Can you elaborate?
In general most such claims today are without substance, as they are made without any real metrics, and the metrics we actually need we just don't have. I.e. we need to quantify the technical debt of LLM code, how often it has errors relative to human-written code, and how critical / costly those errors are in each case relative to the cost of developer wages, and also need to be clear if the LLM usage is just boilerplate / webshit vs. on legacy codebases involving non-trivial logic and/or context, and whether e.g. the velocity / usefulness of the LLM-generated code decreases as the codebase grows, and etc.

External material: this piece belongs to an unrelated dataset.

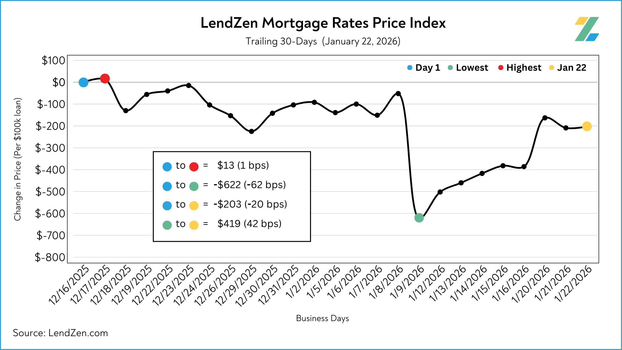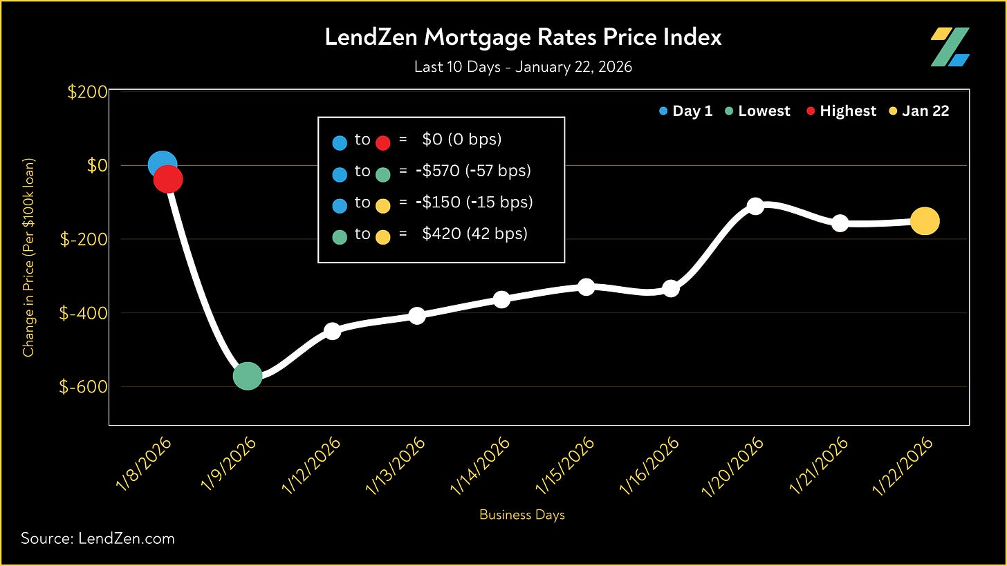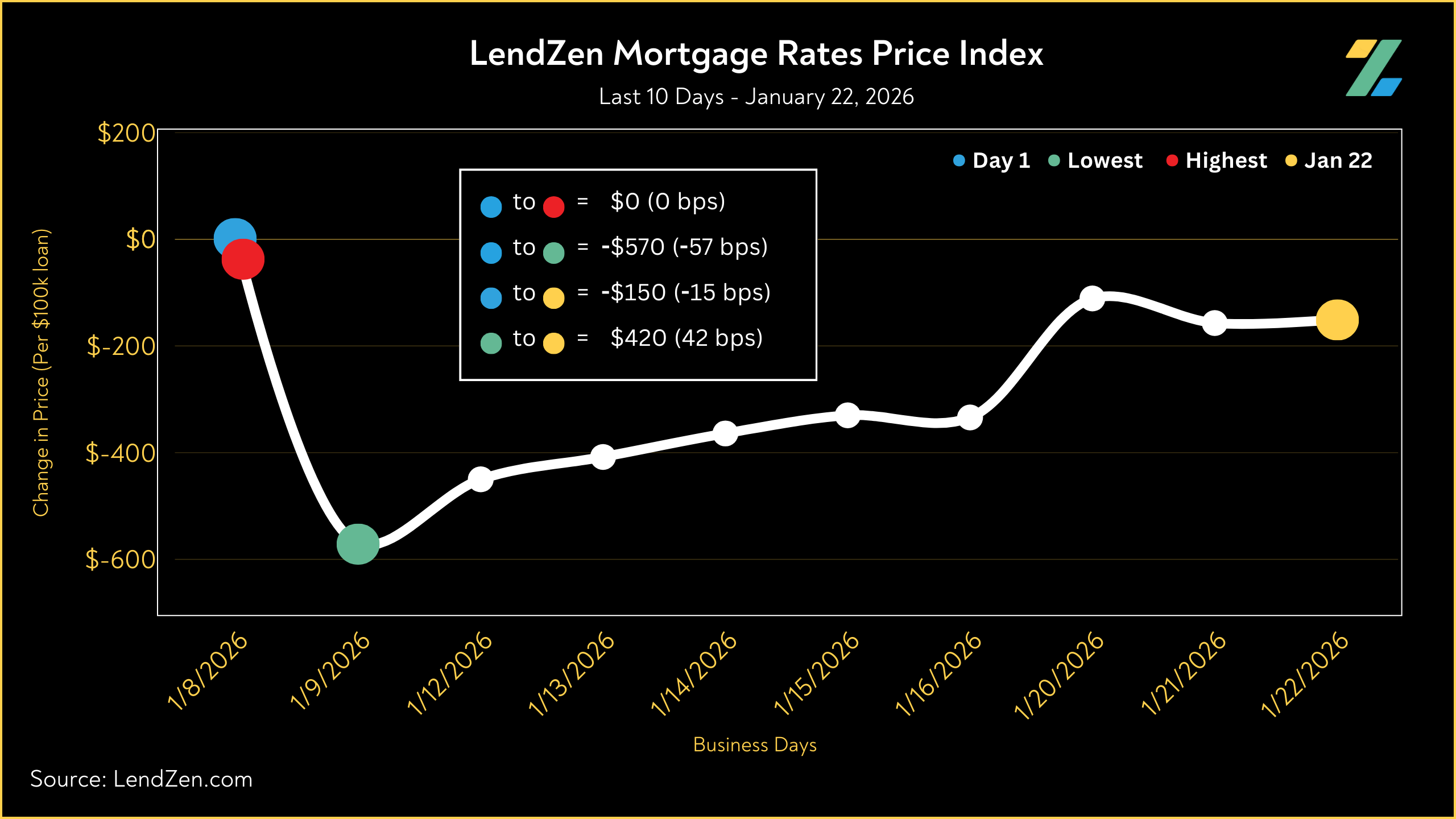 Since January 8, the price of mortgage rates decreased 15 basis points, as seen in the 10-Day chart below.

Otherwise, anyone can make vague claims that might even be in earnest, only to have e.g. studies show that in fact the productivity is reduced, despite the developer "feeling" faster. Vague claims are useless at this point without concrete measurements and numbers.
From the video summary itself:
> We’ll unpack why identical tools deliver ~0% lift in some orgs and 25%+ in others.
At https://youtu.be/JvosMkuNxF8?t=145 he says the median is 10% more productivity, and looking at the chart we can see a 19% increase for the top teams (from July 2025).
The paper this is based on doesn't seem to be available which is frustrating though!
In any case, IMHO I think AI SWE has happened in 3 phases:
Pre-Sonnet 3.7 (Feb 2025): Autocomplete worked.
Sonnet 3.7 to Codex 5.2/Opus 4.5 (Feb 2025-Nov 2025): Agentic coding started working, depending on your problem space, ambition and the model you chose
Post Opus 4.5 (Nov 2025): Agentic coding works in most circumstances
This study was published July 2025. For most of the study timeframe it isn't surprising to me that it was more trouble than it was worth.
But it's different now, so I'm not sure the conclusions are particularly relevant anymore.
As DHH pointed out: AI models are now good enough.
I asked for evidence, you are replying to something else.